The last space shuttle mission is over. Done, finis, caput. Sayonara, spacemen!
This makes me so sad. The space shuttle was probably a bad idea, and wildly too expensive for what it accomplished. Why did we stop at the moon and say, now let's just be content with shooting a flying brick into close earth orbit? Why didn't we say, to hell with it, whatever else we do, Americans are going to Mars? As Mickey Rourke said in the great movie, Diner, "If you don't got dreams, you got nightmares." Now we have a national nightmare of a sea of debt and no Mars landing to remember it by, just a lot of medical bills for baby boomers, and flat screen TVs to watch Star Wars on TBS.
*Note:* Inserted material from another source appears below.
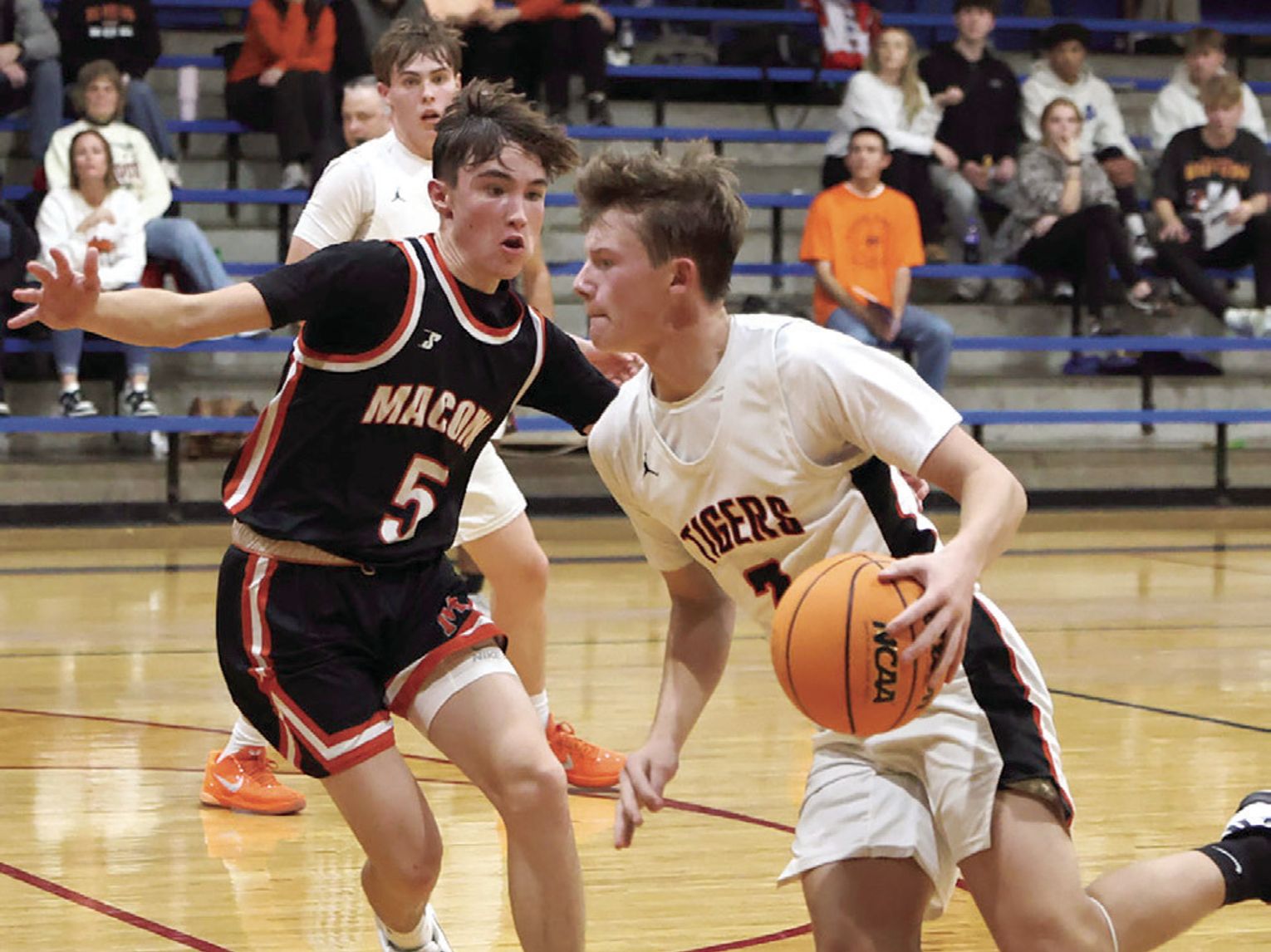 MHS and IB started out as a see-saw affair in the first half with the Tigers taking their largest lead of the game at 6-2 on a Drew Dunn three-pointer.
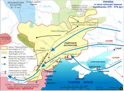- 375 : forte poussée des Huns qui défont les Ostrogoths de la steppe pontique, établis au nord de la mer Noire.

James Lileks had a similar impulse, perhaps because he's of a similar age, when The Right Stuff wasn't a movie, it was what we were seeing as little kids on the nightly news:
NASA is keen to tell you there’s a still a future for sending Americans into space, but there’s a general cultural anomie that seems content to watch movies about people in space, but indifferent to any plans to put them there. This makes me grind my teeth down to the roots, but I suppose that’s a standard reaction when the rest of your fellow citizenry doesn’t share the precise and exact parameters of your interests and concerns. That’s the problem when you grow up with magazines telling you where we’re going after the moon, with grade-school notebooks that had pictures of the space stations to come, when the push to Mars was regarded as an inevitable next step.If some Presidential candidate would run on a platform of cutting Social Security and Medicare to the bone and instead funding a mission to Mars, he'd get my vote. Life isn't about making sure that Grandpa can get his two artifical hips down the aisle to the slots in the casino; a man's reach ought to exceed his grasp, or else what's a heaven for?
I can see the reason for taking our time – develop new engines, perfect technology, gather the money and the will. It’s not like anything’s going anywhere. But it’s not like we’re going anywhere if we’re not going anywhere, either – when nations, cultures stop exploring, it’s a bad sign. You’re ceding the future. If you have a long view that regards nation-states as quaint relics of a time in human history when maps had lines – really, you can’t see them from space! We’re all one, you know – then it doesn’t matter whether China or the US puts a flag on Mars. It’s possible a Chinese Mars expedition would commemorate the first boot on red soil with a statement that spoke for everyone on the planet, not a particular culture or nation. It’s possible. But history would remember that they chose to go, and we chose not to.
So what’s the attachment, really? Childhood attachment to Star Trek fantasies, geeky fascination with spaceships, adolescent marination in sci-fi visions of rockets and moon bases and PanAm shuttles engaged in a sun-bathed ballet with a space station revolving to the strains of Strauss, phasers and warp six and technobabble and the love of great serene machinery knifing through clouds of glowing dust? Probably. It’s not over, I know – but it’s like watching the last of Columbus’ ships return, and learning they’re cutting up the mast for firewood, and no one’s planning to go back any time soon. At first you look at the ocean and imagine what’s out there, because that’s what you’ve been doing all your life – and then you lean to stop wondering, because it reminds you of the day you saw the last ship leave.